Records to use section start

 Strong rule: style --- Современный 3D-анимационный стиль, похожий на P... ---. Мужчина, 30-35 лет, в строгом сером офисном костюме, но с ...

Records to use section end
Records to use section start

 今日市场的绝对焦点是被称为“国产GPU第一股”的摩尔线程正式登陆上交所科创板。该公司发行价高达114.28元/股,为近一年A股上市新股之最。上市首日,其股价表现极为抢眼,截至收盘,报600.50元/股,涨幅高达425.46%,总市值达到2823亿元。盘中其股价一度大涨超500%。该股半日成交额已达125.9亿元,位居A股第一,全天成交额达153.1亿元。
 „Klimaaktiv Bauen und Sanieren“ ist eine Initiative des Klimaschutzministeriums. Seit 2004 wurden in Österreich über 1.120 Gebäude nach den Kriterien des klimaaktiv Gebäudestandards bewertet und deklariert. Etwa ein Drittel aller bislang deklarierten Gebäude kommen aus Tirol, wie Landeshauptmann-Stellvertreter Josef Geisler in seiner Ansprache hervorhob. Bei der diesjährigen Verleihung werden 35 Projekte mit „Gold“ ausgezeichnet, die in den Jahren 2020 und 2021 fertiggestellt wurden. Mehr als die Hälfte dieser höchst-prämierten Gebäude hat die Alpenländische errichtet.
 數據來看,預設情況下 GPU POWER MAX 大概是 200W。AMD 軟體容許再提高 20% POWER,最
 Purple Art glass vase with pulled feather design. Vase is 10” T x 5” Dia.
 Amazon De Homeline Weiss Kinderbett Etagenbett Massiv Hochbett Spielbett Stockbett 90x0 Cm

Records to use section end

Task directions ▸ Copy verbatim, from the listing above, each line from the one containing "數據來看,預設情況下 GPU POWER" down to the one containing "Amazon De Homeline", inclusive.

Output of the exercise ▸
 數據來看,預設情況下 GPU POWER MAX 大概是 200W。AMD 軟體容許再提高 20% POWER,最
 Purple Art glass vase with pulled feather design. Vase is 10” T x 5” Dia.
 Amazon De Homeline Weiss Kinderbett Etagenbett Massiv Hochbett Spielbett Stockbett 90x0 Cm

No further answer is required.